→ **What you will do**
Word for word, please copy the listing below, with its pictures left out.

→ **Data extract**

####

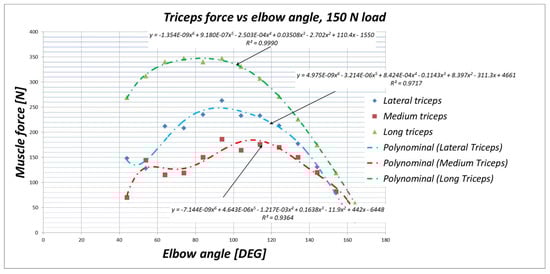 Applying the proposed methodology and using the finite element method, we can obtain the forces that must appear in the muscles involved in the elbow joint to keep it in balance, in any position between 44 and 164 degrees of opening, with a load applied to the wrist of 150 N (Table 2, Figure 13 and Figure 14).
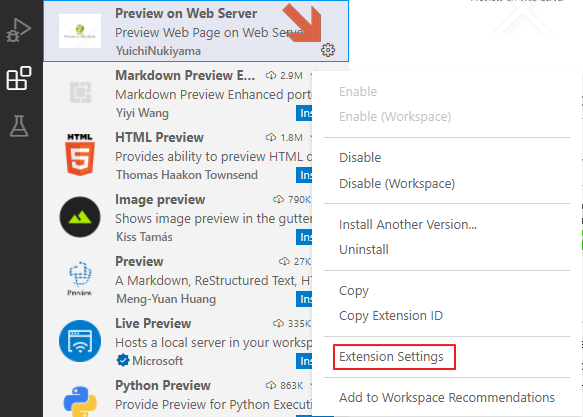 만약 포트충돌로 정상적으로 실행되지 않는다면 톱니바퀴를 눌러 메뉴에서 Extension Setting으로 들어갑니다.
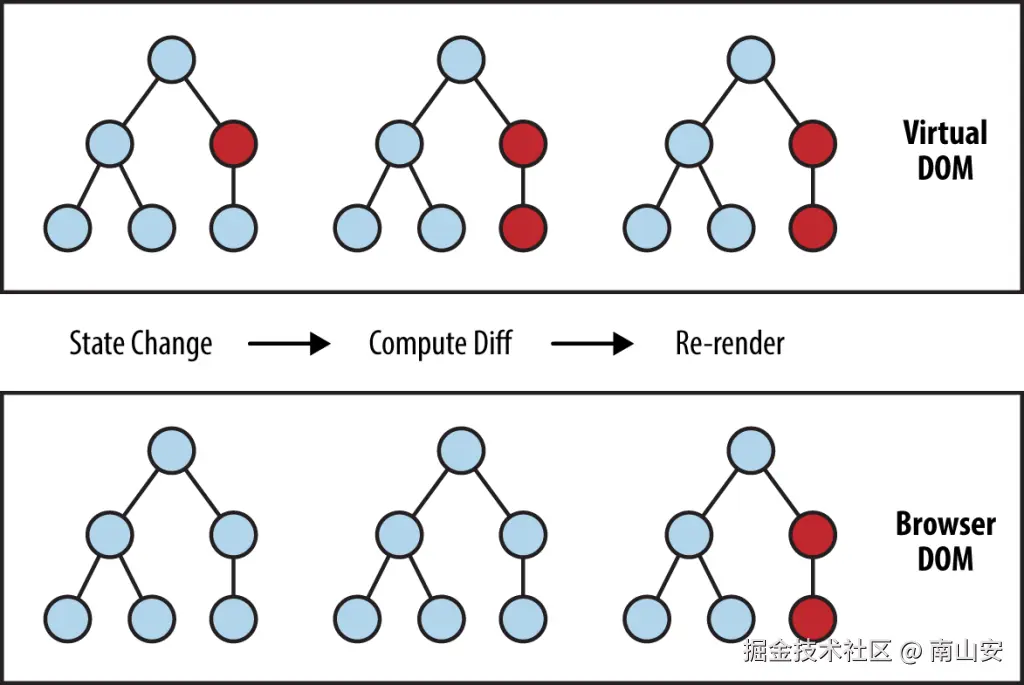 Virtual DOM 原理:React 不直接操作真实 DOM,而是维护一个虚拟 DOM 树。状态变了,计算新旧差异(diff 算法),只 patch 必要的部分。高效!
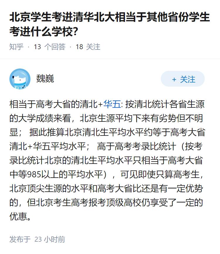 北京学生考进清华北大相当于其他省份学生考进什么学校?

####

→ **Solution below**
 Applying the proposed methodology and using the finite element method, we can obtain the forces that must appear in the muscles involved in the elbow joint to keep it in balance, in any position between 44 and 164 degrees of opening, with a load applied to the wrist of 150 N (Table 2, Figure 13 and Figure 14).
 만약 포트충돌로 정상적으로 실행되지 않는다면 톱니바퀴를 눌러 메뉴에서 Extension Setting으로 들어갑니다.
 Virtual DOM 原理:React 不直接操作真实 DOM,而是维护一个虚拟 DOM 树。状态变了,计算新旧差异(diff 算法),只 patch 必要的部分。高效!
 北京学生考进清华北大相当于其他省份学生考进什么学校?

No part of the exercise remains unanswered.